● **Source material**

<<<<

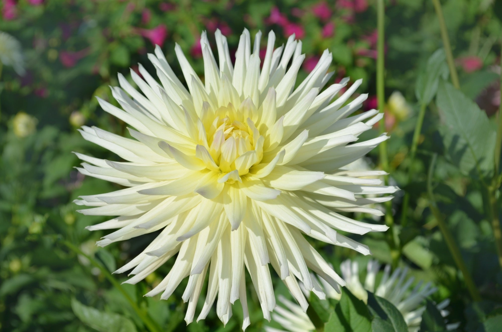 ‘White Star’ dazzles with creamy‑white, spiky semi‑cactus blooms that have a soft lemon-yellow centre, giving each flower a sculptural, starburst effect. It carries tall, elegant stems and thrives in full sun, flowering from midsummer through to the first frosts — perfect for garden borders or dramatic cut-flower displays.
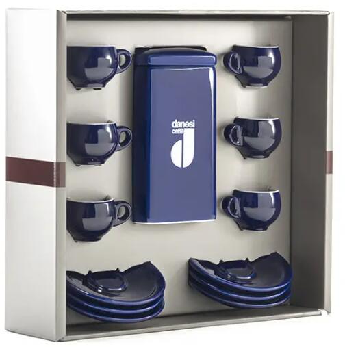 Danesi La Forma ajándékcsomag - Dark's Cassette Kava 250g + 6 eszpresszó csésze és 6 csészealj - kék
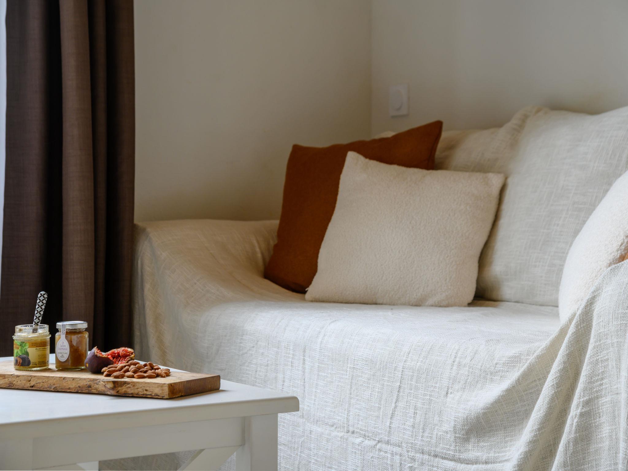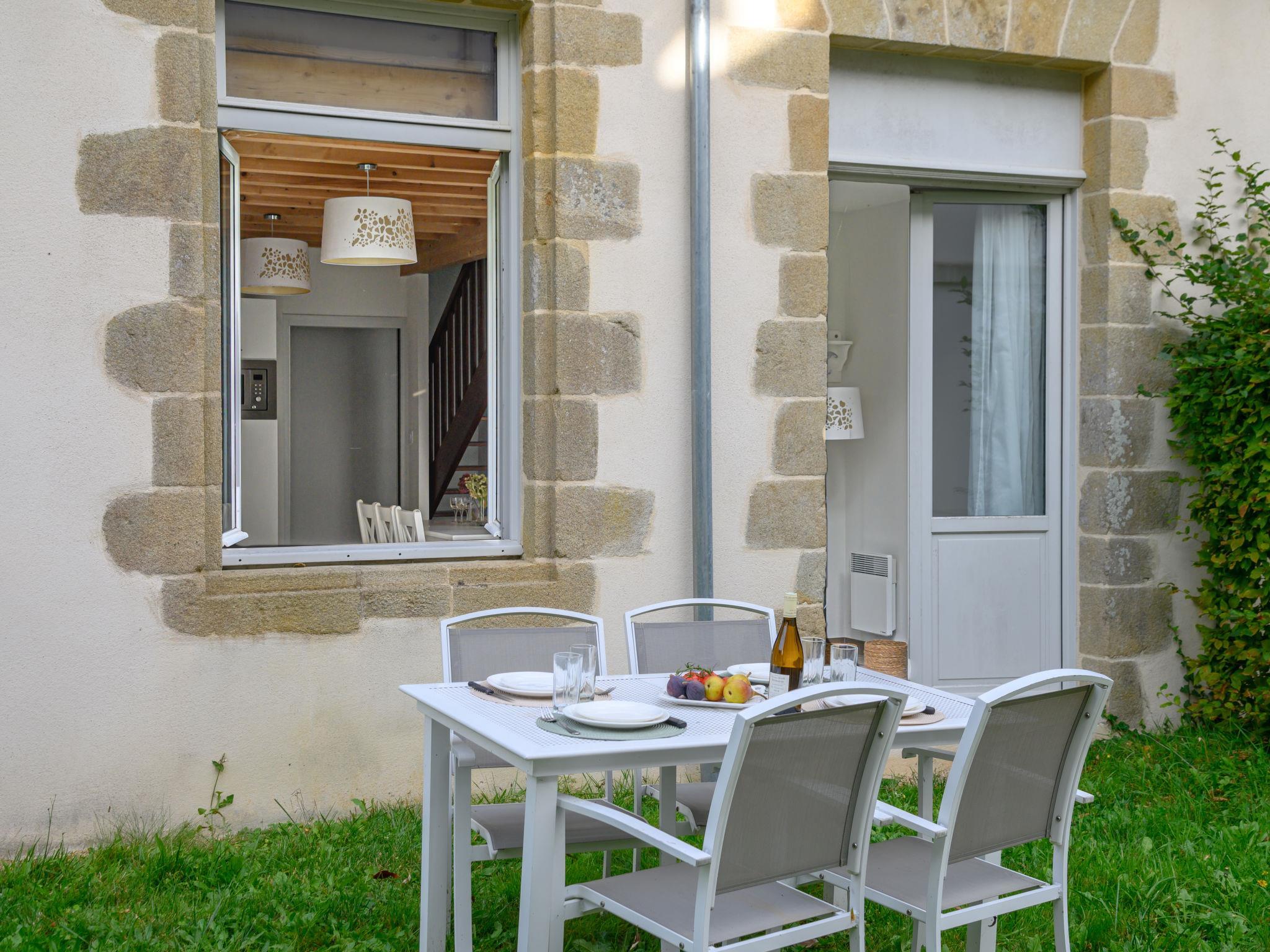 "Château De Kergonano, dans l'Orangerie", 3-room semi-detached house 38 m2. Comfortable and beautiful furnishings: living/sleeping room with 1 double sofabed (2 x 80 cm, length 190 cm), TV (flat screen). Exit to the terrace. Kitchenette (dishwasher, 4 ceramic glass hob hotplates, toaster, kettle, microwave, electric coffee machine). Shower, sep. WC. Upper floor: 1 room with 1 x 2 bunk beds (90 cm, length 190 cm). 1 room with 1 french bed (1 x 140 cm, length 190 cm). Terrace. Terrace furniture. View of the garden. Facilities: Internet (WiFi, extra). Parking. Please note: non-smokers only. Smoke alarm. Daily cleaning and change of linen possible on request and extra. Offer by a private individual according to Art. 155, IV of CGI.
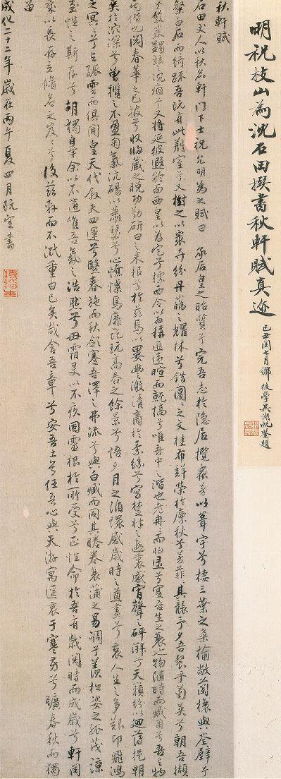 还有,对于赋的押韵和平仄,一般不作硬性规定和要求。因赋兼有叙事和咏诵的功能,所以不可能要求句句押韵,也不可能处处讲究平仄格律。它是以赋文的要求而灵活处理的。事实上,因大多数赋的篇幅较格律诗为长,所以一般极少有一韵到底的,有的随章节换韵,有的在一节中也可换韵。韵无定法,随文而制。至于平仄,齐梁和初唐之诗多作讲究。骈赋、律赋也比较注重。其它赋体,除韵脚之外,不甚考究平仄对仗。但这绝不是说,赋不讲究韵律和平仄,可以像现在所谓的自由诗一样,冠之以赋名便成为赋了,行文有其赋本身所遵循的规律,包括对押韵和平仄的运用。这里只是说,不宜对赋的各句各节均作硬性要求而已。
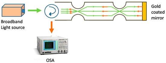 Approaches based on, for example, in-fibre gratings, non-adiabatic tapers, regions of core mismatch and directional couplers may be employed to create regions where two modes are excited and subsequently recombined to interfere [44,45]. Interference between modes results in the channelled spectrum measured by spectrometer and the phase of the channelled spectrum dependents on the difference in the optical path lengths of the interfering modes, according to [37,46]:
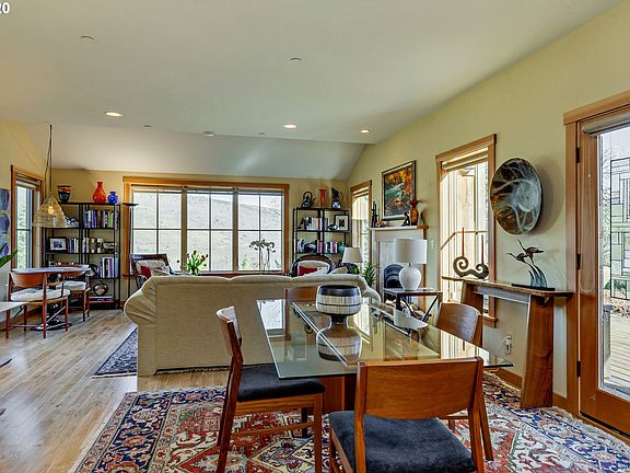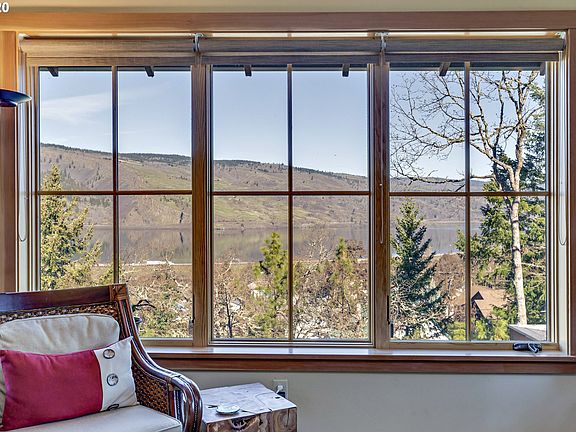 Get away to stunning views of the Columbia River, Coyote Wall & Syncline. Open concept bluff home designed by Portland architect Jeffery Miller. Light-filled 3 bed/2bath w/mster on main fl. Designer touches throughout. Oversize custom metal/wood windows & blinds, wood flrs on main. Custom cedar siding. 2 view decks. Prof. landscape design w/fenced raised gardens. Detached oversize 2 car garage. Must see to appreciate. Available with lot RMLS #20510987 for $790,000.
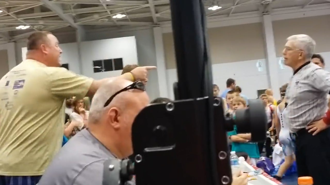 Als sein Sprössling auf der Matte festgenagelt wird rastet ein Vater in Virginia Beach, Virginia, USA aus: Wild gestikulierend schreit er den Schiedsrichter an und fordert Gerechtigkeit für seinen Sohn.

>>>>

● **What this task involves**
The material is to be written out word for word, and the pictures are to be left out.

● **Answer to the problem**
 ‘White Star’ dazzles with creamy‑white, spiky semi‑cactus blooms that have a soft lemon-yellow centre, giving each flower a sculptural, starburst effect. It carries tall, elegant stems and thrives in full sun, flowering from midsummer through to the first frosts — perfect for garden borders or dramatic cut-flower displays.
 Danesi La Forma ajándékcsomag - Dark's Cassette Kava 250g + 6 eszpresszó csésze és 6 csészealj - kék
 "Château De Kergonano, dans l'Orangerie", 3-room semi-detached house 38 m2. Comfortable and beautiful furnishings: living/sleeping room with 1 double sofabed (2 x 80 cm, length 190 cm), TV (flat screen). Exit to the terrace. Kitchenette (dishwasher, 4 ceramic glass hob hotplates, toaster, kettle, microwave, electric coffee machine). Shower, sep. WC. Upper floor: 1 room with 1 x 2 bunk beds (90 cm, length 190 cm). 1 room with 1 french bed (1 x 140 cm, length 190 cm). Terrace. Terrace furniture. View of the garden. Facilities: Internet (WiFi, extra). Parking. Please note: non-smokers only. Smoke alarm. Daily cleaning and change of linen possible on request and extra. Offer by a private individual according to Art. 155, IV of CGI.
 还有,对于赋的押韵和平仄,一般不作硬性规定和要求。因赋兼有叙事和咏诵的功能,所以不可能要求句句押韵,也不可能处处讲究平仄格律。它是以赋文的要求而灵活处理的。事实上,因大多数赋的篇幅较格律诗为长,所以一般极少有一韵到底的,有的随章节换韵,有的在一节中也可换韵。韵无定法,随文而制。至于平仄,齐梁和初唐之诗多作讲究。骈赋、律赋也比较注重。其它赋体,除韵脚之外,不甚考究平仄对仗。但这绝不是说,赋不讲究韵律和平仄,可以像现在所谓的自由诗一样,冠之以赋名便成为赋了,行文有其赋本身所遵循的规律,包括对押韵和平仄的运用。这里只是说,不宜对赋的各句各节均作硬性要求而已。
 Approaches based on, for example, in-fibre gratings, non-adiabatic tapers, regions of core mismatch and directional couplers may be employed to create regions where two modes are excited and subsequently recombined to interfere [44,45]. Interference between modes results in the channelled spectrum measured by spectrometer and the phase of the channelled spectrum dependents on the difference in the optical path lengths of the interfering modes, according to [37,46]:
 Get away to stunning views of the Columbia River, Coyote Wall & Syncline. Open concept bluff home designed by Portland architect Jeffery Miller. Light-filled 3 bed/2bath w/mster on main fl. Designer touches throughout. Oversize custom metal/wood windows & blinds, wood flrs on main. Custom cedar siding. 2 view decks. Prof. landscape design w/fenced raised gardens. Detached oversize 2 car garage. Must see to appreciate. Available with lot RMLS #20510987 for $790,000.
 Als sein Sprössling auf der Matte festgenagelt wird rastet ein Vater in Virginia Beach, Virginia, USA aus: Wild gestikulierend schreit er den Schiedsrichter an und fordert Gerechtigkeit für seinen Sohn.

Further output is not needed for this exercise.